# Look what came in the shop today!!



## jonnybow (Aug 27, 2002)

I've never had the privilege of seeing a KamAct in person and here comes one walking in the shop!
One of the guys at my club brought it in and asked me if I could tune it for him, good thing he was joking!

What a neat bow, you guys did a good job back then Martin and you still are!!

Check it out.

Jon


----------



## Greywolf (Jan 17, 2005)

Is that an updated Penobscot Bow?


----------



## Washi (Jan 23, 2005)

There is an orange one hanging on the wall of the local archery shop.


----------



## FIZZY (Jul 10, 2004)

My dad used to shoot one when they were new. They were way ahead of their time if you look at them. Several of their features are incorporated on the better bows today. Sold his last year on ebay in the origional box. I was afraid to shoot it. It was worth more to a collector than to risk breaking it. My uncles used to use those for hunting and complained their left arms were longer at the end of the day from carrying them. Not a light bow.


----------



## dahmer (Jan 16, 2005)

Any one ever seen a Dynabow. They are really cool and ahead of their time also. Any pics and history on them would be appreciated. Thanks, Mark.


----------



## Shoot-in-NC (Jul 12, 2004)

*Archery Shop*

We have 3 of those hangin in the archery shop we go to there awesome bows.


----------



## dino (May 25, 2005)

Hey Jon, Do you remember what year that bow came out? I remember seeing them in a martin catalogue but can't remember exactly when that was.


----------



## jonnybow (Aug 27, 2002)

I'm not sure what year but an uneducated guess would be 1970


----------



## don s (Mar 7, 2003)

grey wolf is correct. that design was from the penobscot indians, an eastern woodlands tribe. 
don


----------



## toxo (Jun 19, 2002)

*bow......*

we have a white one in our shop...I thought it was sold in 1973.


----------



## Arrowhunters5 (May 24, 2005)

*On Ebay*

I saw one of these on Ebay today under a search for Martin bows. If I was a little smarter I could post a link  Just thought someone might be interested.


----------



## LADYSHOOTER330 (Feb 14, 2005)

*ebay link*

heres the link to the bow, pretty purple too.

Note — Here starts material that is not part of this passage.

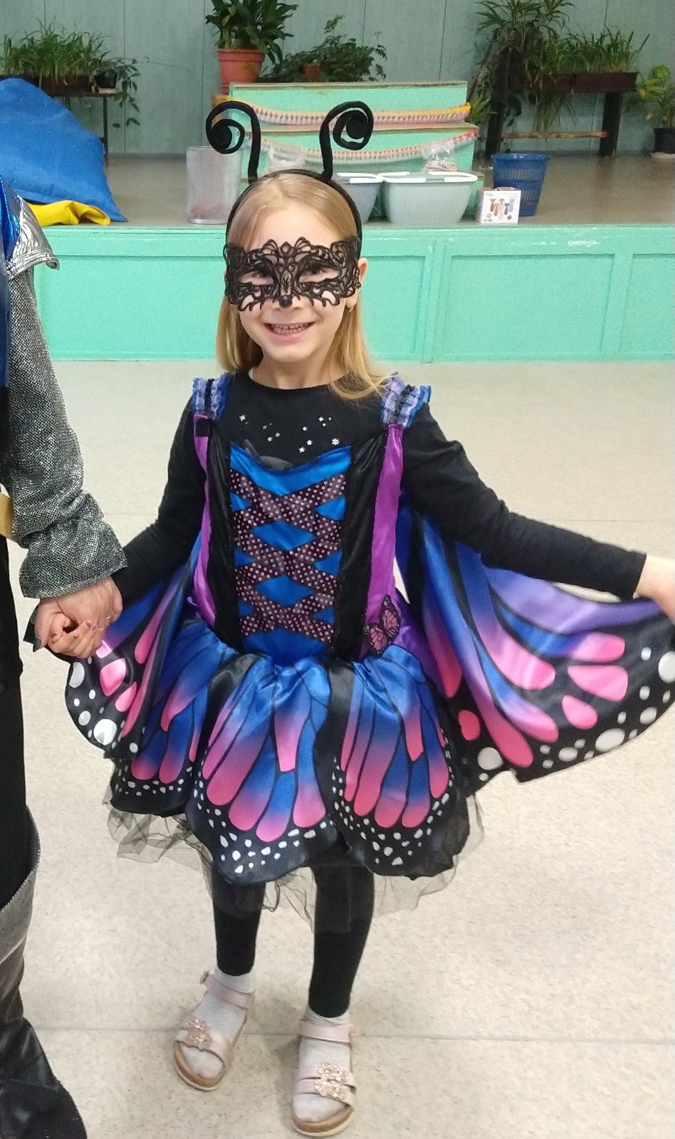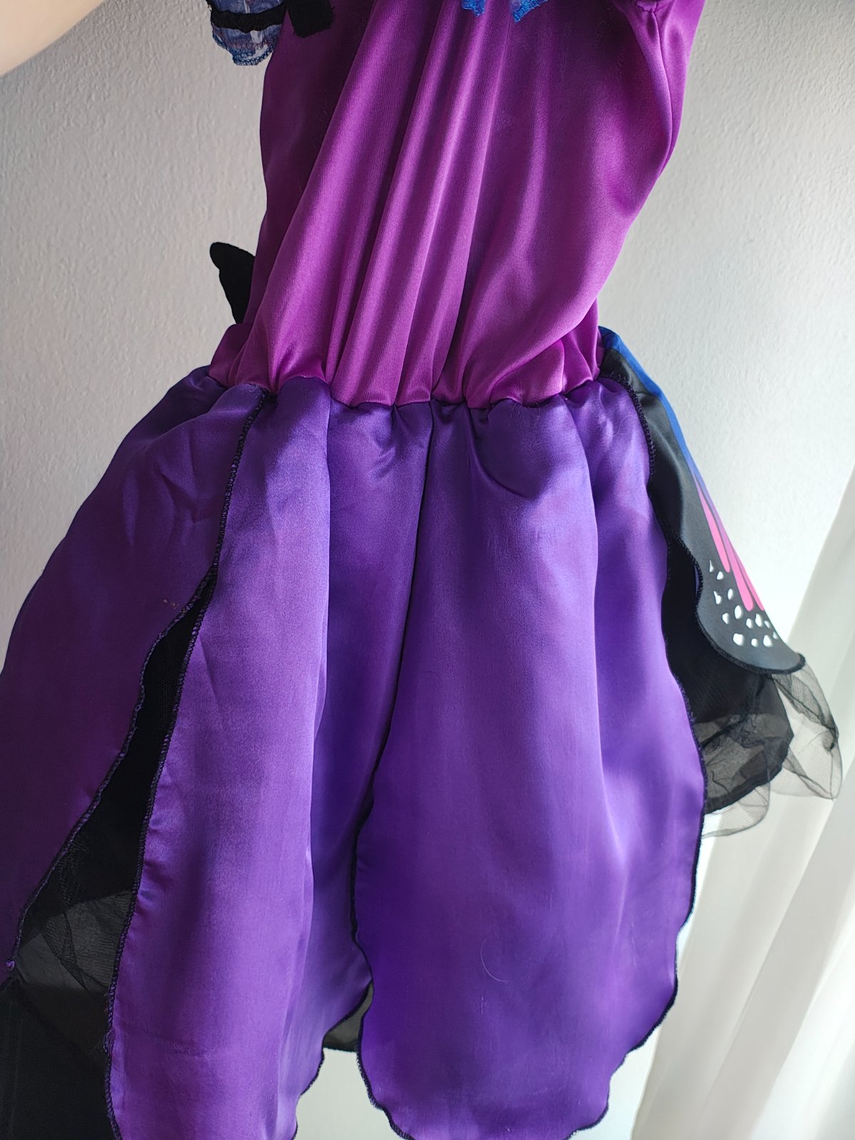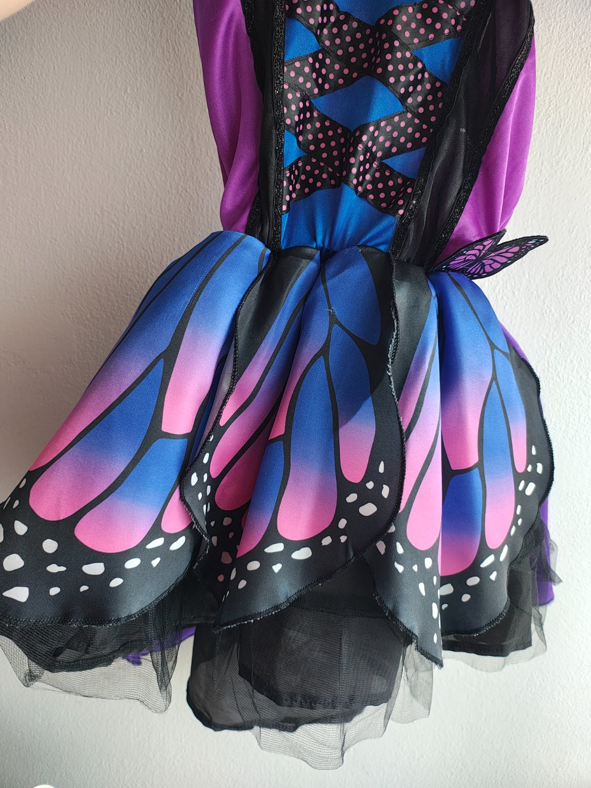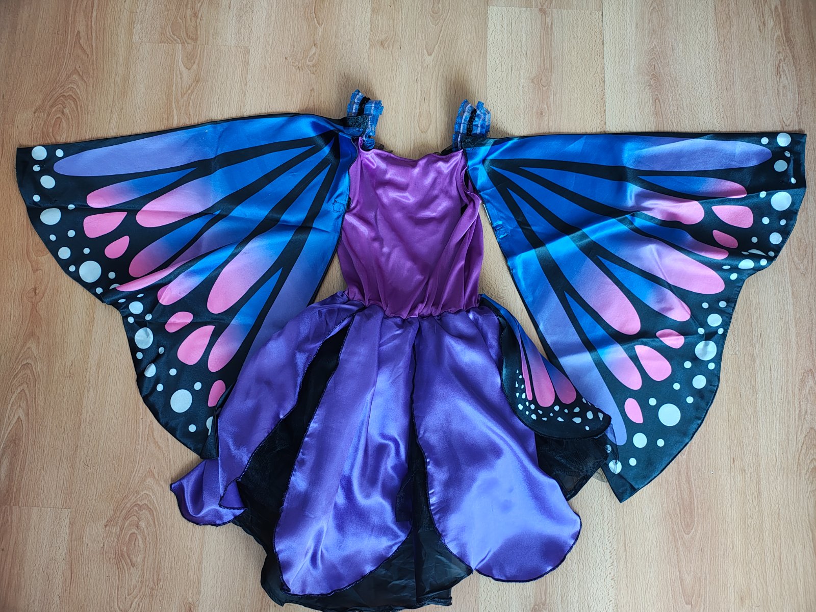Krásny kostým motýľa, dcéra ho mala ako predškoláčka. Veľkosť je písaná 128, reálne sedia 116-122. Krídla sa pripevnia na ramienka a chrbát šiat suchým zipsom a gumičkou na palec dieťaťa. Šaty majú spodničku z pevnej látky (viď predposlednú fotku), preto šaty krásne stoja. Na spodničke je čierna sukňa, čierny tyl a na vrchu farebné kusy látky.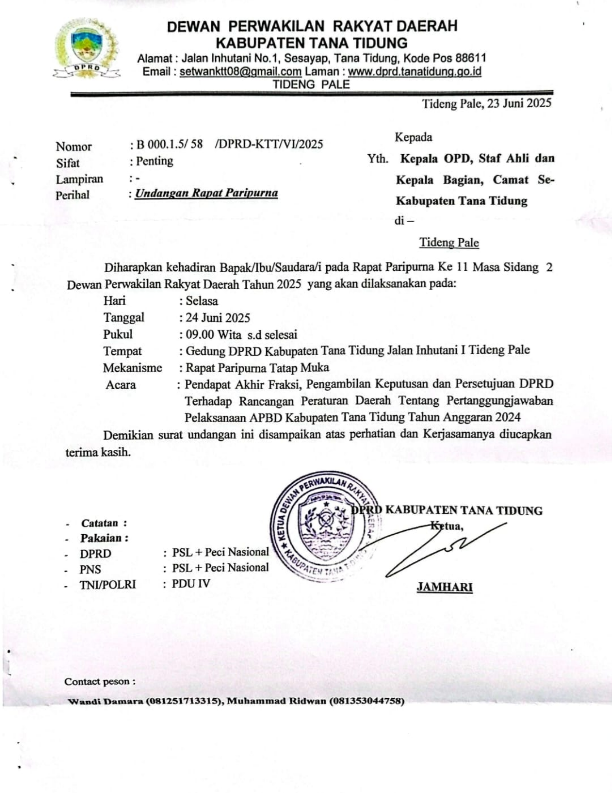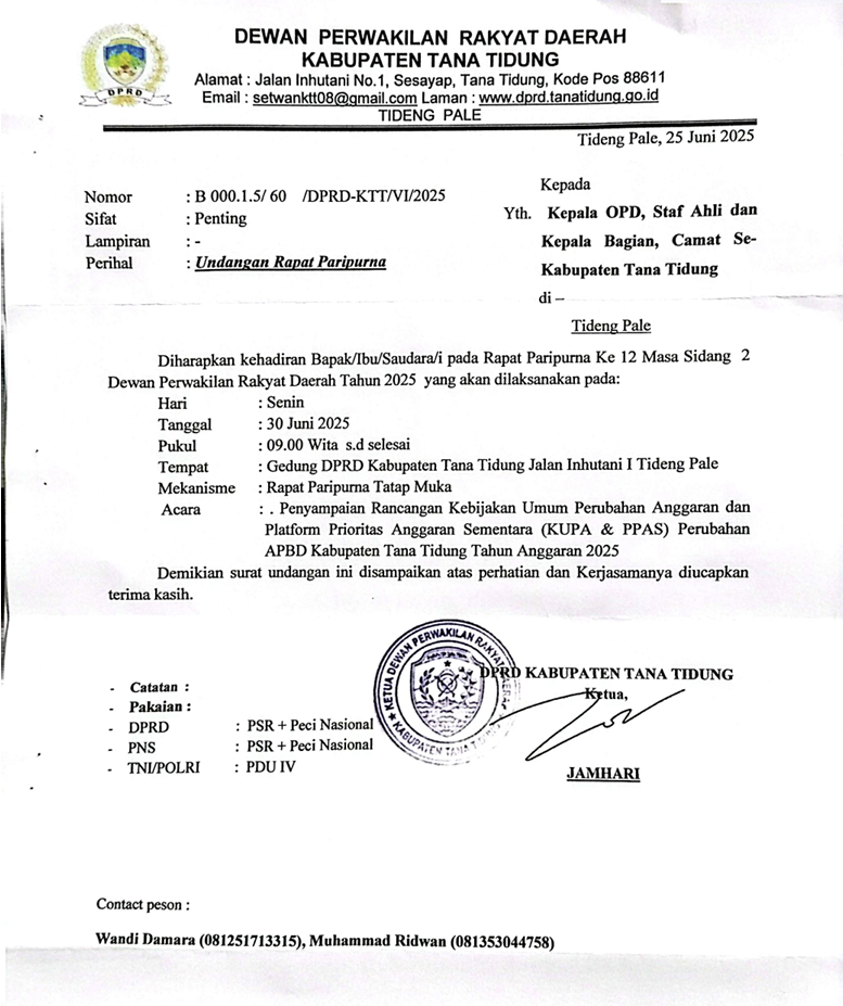 Undangan Menghadiri Rapat Paripurna Ke 11 Masa Sidang 2 DPRD Tahun . . .

http://cgi.ebay.com/ws/eBayISAPI.dll?ViewItem&item=7161076378&fromMakeTrack=true


----------



## Africanbowhunter (May 29, 2003)

*wow*

Amazing!!!!


----------



## Arrowhunters5 (May 24, 2005)

*Ebay #2*

This is the one I saw, http://cgi.ebay.com/ws/eBayISAPI.dll?ViewItem&category=20838&item=7161508895&rd=1  Cool quiver.


----------